## Stored data
----------------------------------------

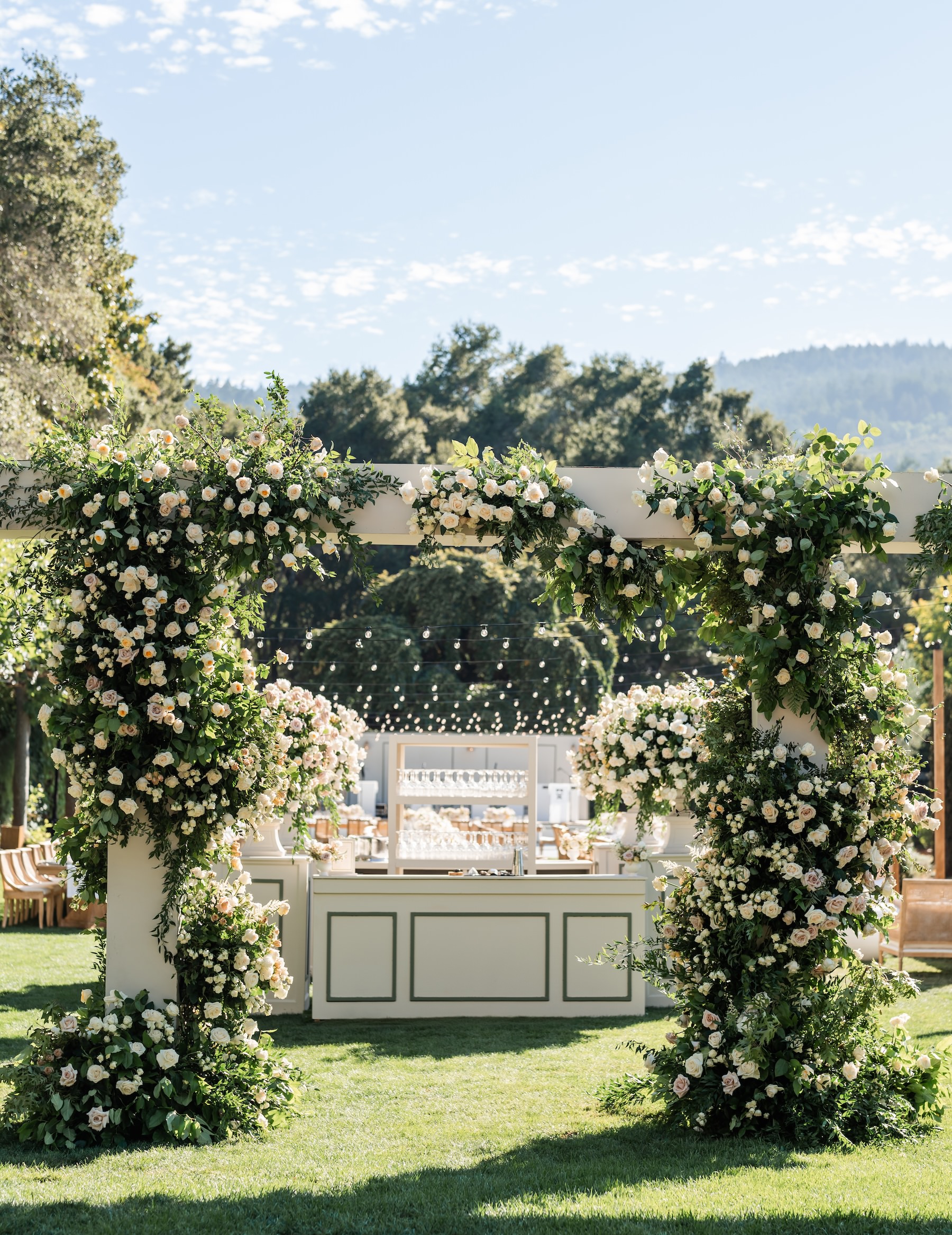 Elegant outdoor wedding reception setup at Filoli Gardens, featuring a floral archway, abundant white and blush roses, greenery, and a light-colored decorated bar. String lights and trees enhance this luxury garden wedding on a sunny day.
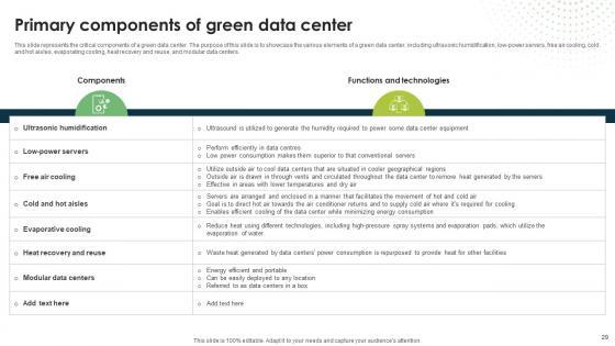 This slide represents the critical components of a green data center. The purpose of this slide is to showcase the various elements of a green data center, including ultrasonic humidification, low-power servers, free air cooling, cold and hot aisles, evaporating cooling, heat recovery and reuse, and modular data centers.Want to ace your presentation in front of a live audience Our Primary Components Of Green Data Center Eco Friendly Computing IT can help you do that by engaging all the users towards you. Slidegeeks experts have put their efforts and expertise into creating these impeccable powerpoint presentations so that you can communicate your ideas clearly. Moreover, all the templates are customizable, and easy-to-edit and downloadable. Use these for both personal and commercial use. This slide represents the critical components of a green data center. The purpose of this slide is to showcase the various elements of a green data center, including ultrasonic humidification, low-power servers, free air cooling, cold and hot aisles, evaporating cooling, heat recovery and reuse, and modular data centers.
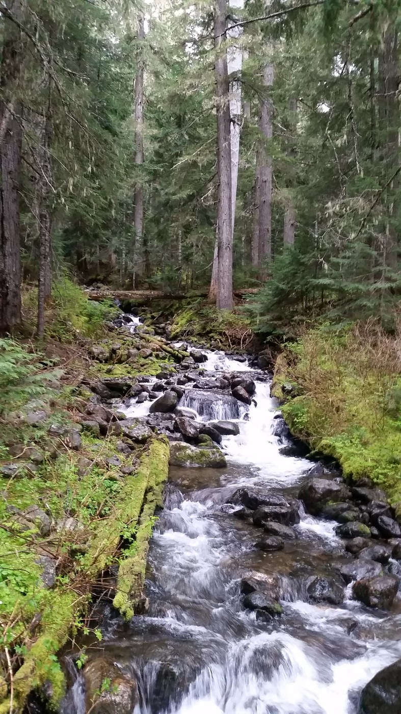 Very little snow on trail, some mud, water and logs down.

----------------------------------------

## What you will do
Give back the material word for word, without images.

## Result of this task
 Elegant outdoor wedding reception setup at Filoli Gardens, featuring a floral archway, abundant white and blush roses, greenery, and a light-colored decorated bar. String lights and trees enhance this luxury garden wedding on a sunny day.
 This slide represents the critical components of a green data center. The purpose of this slide is to showcase the various elements of a green data center, including ultrasonic humidification, low-power servers, free air cooling, cold and hot aisles, evaporating cooling, heat recovery and reuse, and modular data centers.Want to ace your presentation in front of a live audience Our Primary Components Of Green Data Center Eco Friendly Computing IT can help you do that by engaging all the users towards you. Slidegeeks experts have put their efforts and expertise into creating these impeccable powerpoint presentations so that you can communicate your ideas clearly. Moreover, all the templates are customizable, and easy-to-edit and downloadable. Use these for both personal and commercial use. This slide represents the critical components of a green data center. The purpose of this slide is to showcase the various elements of a green data center, including ultrasonic humidification, low-power servers, free air cooling, cold and hot aisles, evaporating cooling, heat recovery and reuse, and modular data centers.
 Very little snow on trail, some mud, water and logs down.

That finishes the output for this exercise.